WHAT TO DO: In your copy, leave out the pictures; write out all the data exactly.

AVAILABLE DATA:

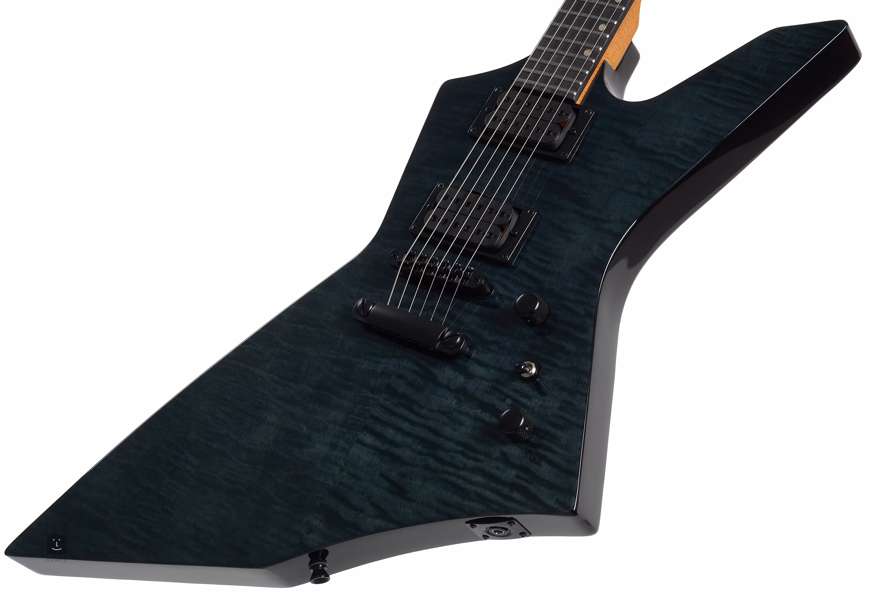 La guitare électrique X-500 TBK E reprend la géométrie des modèles Explorer. Le corps en acajou de l'instrument est décoré d'un placage d'érable. Le grain de l'érable est accentué par une laque brillante et une finition Trans Black. Le manche en érable rôti canadien avec un profil Modern D est relié à une touche en matériau composite moderne au design d'ébène et dotée de 24 frettes jumbo.
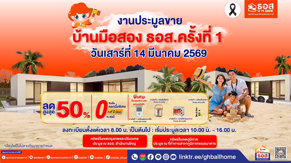 ธนาคารอาคารสงเคราะห์ (ธอส.) เดินหน้ากระตุ้นภาคอสังหาริมทรัพย์ จัดงานประมูลขายบ้านมือสอง ธอส. ครั้งที่ 1 ปี 2569 นำทรัพย์คุณภาพดี ทำเลเด่นกว่า 12,000 รายการทั่วประเทศ ออกจำหน่ายลดราคาสูงสุด 50% พร้อมรับสินเชื่อบ้านอัตราดอกเบี้ย 0% ต่อปี คงที่ 2 ปีแรก และของสมนาคุณมากมาย พบกันวันเสาร์ที่ 14 มีนาคม 2569
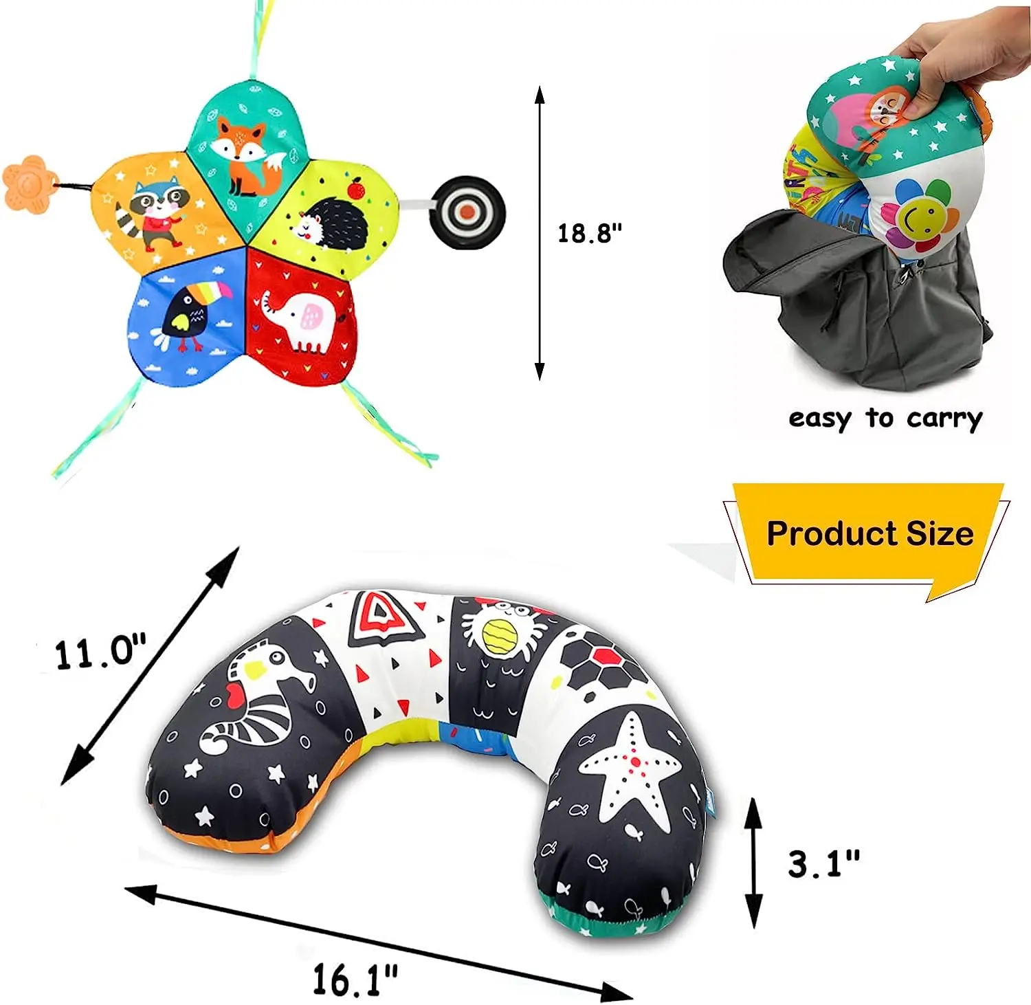 【Fantástico juguete para el tiempo de la barriga del bebé】 Almohada de doble cara para el tiempo de la barriga con patrón de alto contraste. A los bebés les encanta mirar todas las cosas en alto contraste. Las imágenes en blanco y negro de los mordedores de espejo y las diferentes texturas son atractivas y alientan al bebé recién nacido a QUERER estar boca abajo. Los recién nacidos de 0 a 6 meses estarán obsesionados con el lado blanco-negro y los bebés de más de 6 meses estarán enamorados de la parte colorida. Las imágenes claras y atractivas de alto contraste ayudan a fortalecer la visión. Recién nacido 0 3 meses desarrollo cerebral.

TASK RESULT:
 La guitare électrique X-500 TBK E reprend la géométrie des modèles Explorer. Le corps en acajou de l'instrument est décoré d'un placage d'érable. Le grain de l'érable est accentué par une laque brillante et une finition Trans Black. Le manche en érable rôti canadien avec un profil Modern D est relié à une touche en matériau composite moderne au design d'ébène et dotée de 24 frettes jumbo.
 ธนาคารอาคารสงเคราะห์ (ธอส.) เดินหน้ากระตุ้นภาคอสังหาริมทรัพย์ จัดงานประมูลขายบ้านมือสอง ธอส. ครั้งที่ 1 ปี 2569 นำทรัพย์คุณภาพดี ทำเลเด่นกว่า 12,000 รายการทั่วประเทศ ออกจำหน่ายลดราคาสูงสุด 50% พร้อมรับสินเชื่อบ้านอัตราดอกเบี้ย 0% ต่อปี คงที่ 2 ปีแรก และของสมนาคุณมากมาย พบกันวันเสาร์ที่ 14 มีนาคม 2569
 【Fantástico juguete para el tiempo de la barriga del bebé】 Almohada de doble cara para el tiempo de la barriga con patrón de alto contraste. A los bebés les encanta mirar todas las cosas en alto contraste. Las imágenes en blanco y negro de los mordedores de espejo y las diferentes texturas son atractivas y alientan al bebé recién nacido a QUERER estar boca abajo. Los recién nacidos de 0 a 6 meses estarán obsesionados con el lado blanco-negro y los bebés de más de 6 meses estarán enamorados de la parte colorida. Las imágenes claras y atractivas de alto contraste ayudan a fortalecer la visión. Recién nacido 0 3 meses desarrollo cerebral.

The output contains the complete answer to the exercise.